Elon Musk and Vivek Ramaswamy, the team tagged by President-elect Donald Trump to lead efforts to slash government costs, are calling for an order for federal remote workers to return to the office, but unions are already gearing up to push back.
The National Federation of Federal Employees, representing 110,000 federal workers, has been speaking with its legal team and plans to lobby members of Congress about any office mandates or job cuts, according to the union's national president Randy Erwin, The Wall Street Journal reported Thursday.
He added town halls with members who are concerned about new rules are being held.
"We're rallying them and getting prepared for a really, really big fight," Erwin said.
Federal union leaders say changes in any working conditions must be negotiated through collective bargaining.
In addition, union representatives report that most federal employees do not work in Washington, D.C., but across the country, and only one out of 10 of them are fully remote.

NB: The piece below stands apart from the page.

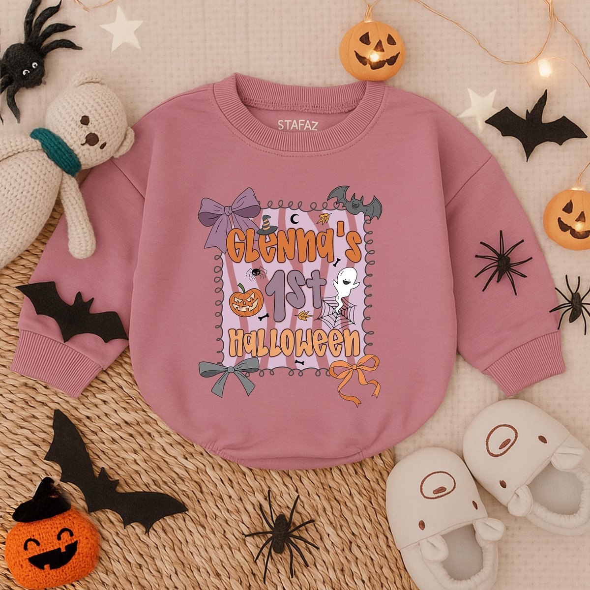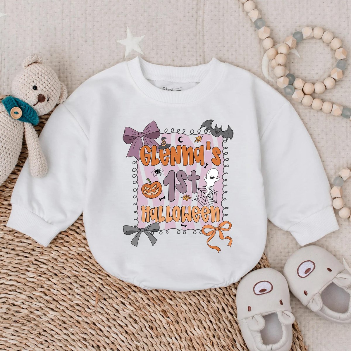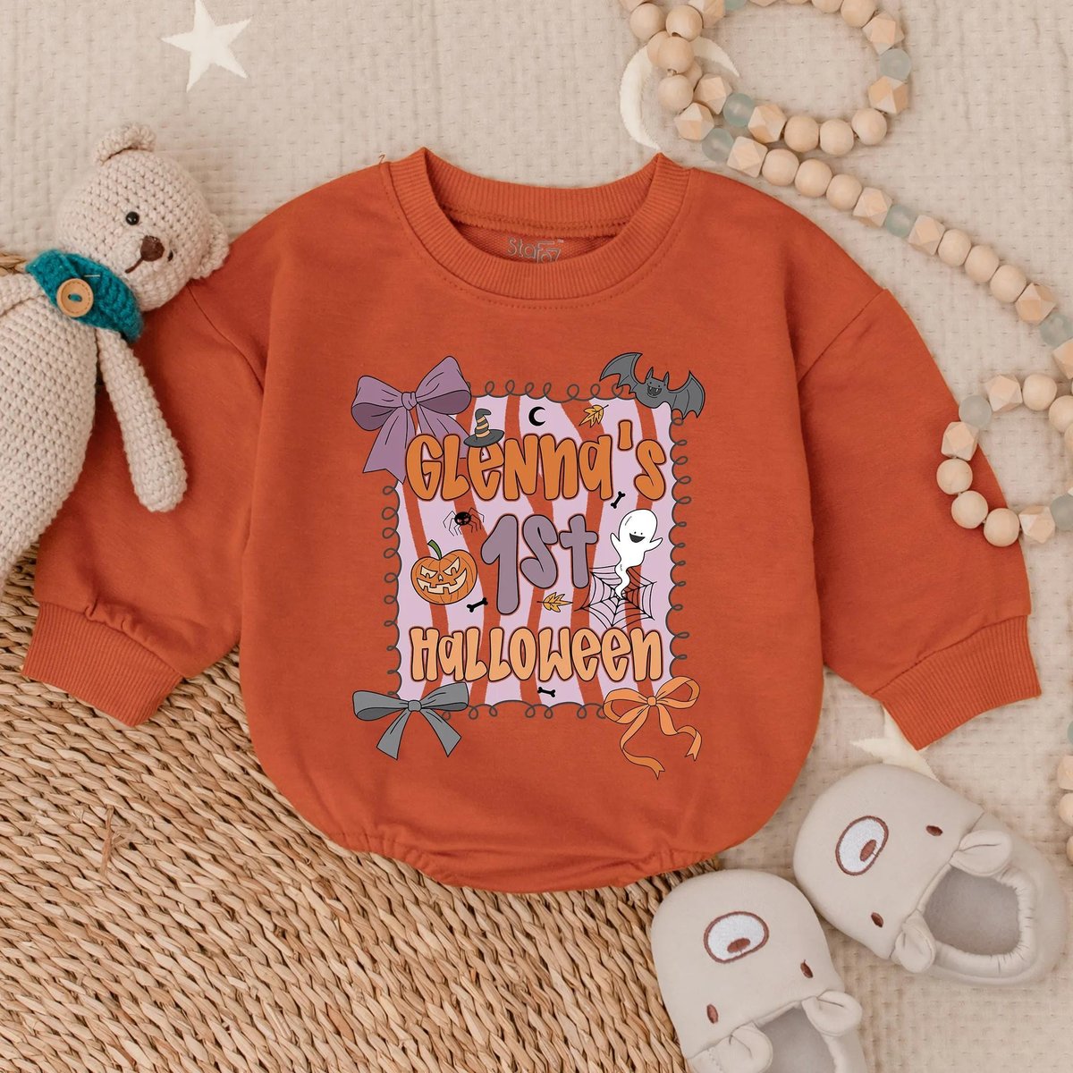 Custom Baby Girl First Halloween Romper1st Halloween Bubble Romper Personalized Name Outfit Infant G

"These kinds of broadsides from Ramaswamy and Elon Musk show a really tremendous level of ignorance about the operations of the federal government," Jacqueline Simon, policy director for the American Federation of Government Employees, which represents 800,000 federal and D.C. government workers, said.
She added eliminating remote or hybrid work for federal workers will make it harder to attract qualified talent into public service.
Erwin also said remote work is beneficial in the event of emergencies.
"All they want to do is cut the federal workforce and they see eliminating telework as a way to coerce people out of the federal government,” he said. "They have no idea how harmful that can be to the country."
Musk and Ramaswamy wrote in a Wall Street Journal opinion piece Wednesday the government will save money when people who do not want to work from an office are terminated.
"If federal employees don't want to show up, American taxpayers shouldn't pay them for the COVID-era privilege of staying home," they wrote.
Ramaswamy also last week predicted on X that up to one-quarter of civil servants will quit their jobs if they are ordered back to work in offices full time.
There are approximately 2.3 million civilian federal workers, with 30% of them being veterans.
More than half of those workers, such as healthcare workers and food-safety inspectors, do their jobs in person, according to a 2024 report from the Office of Management and Budget report.
The rest of the workers are eligible to work remotely some of the time and perform about 61% of their hours in the workplace. According to U.S. Census Bureau surveys, federal and private-sector employees are working roughly the same amount of time remotely versus in person.
The OMB report shows staffers at the State Department who are eligible to work remotely are already spending about 80% of their work hours on-site. The averages are lower at the Defense Department, where workers are on-site about 64% of the time, and at the Departments of Education, Treasury, and Housing and Urban Development, where workers are on site between 36% and 39% of the time.
Meanwhile, Trump's new Department of Government Efficiency is an advisory group. Musk and Ramaswamy have been appointed to lead it, but the group does not have the direct power to issue mandates, including on remote workers.
Both Ramaswamy and Musk are close to Trump, helping their words carry sway.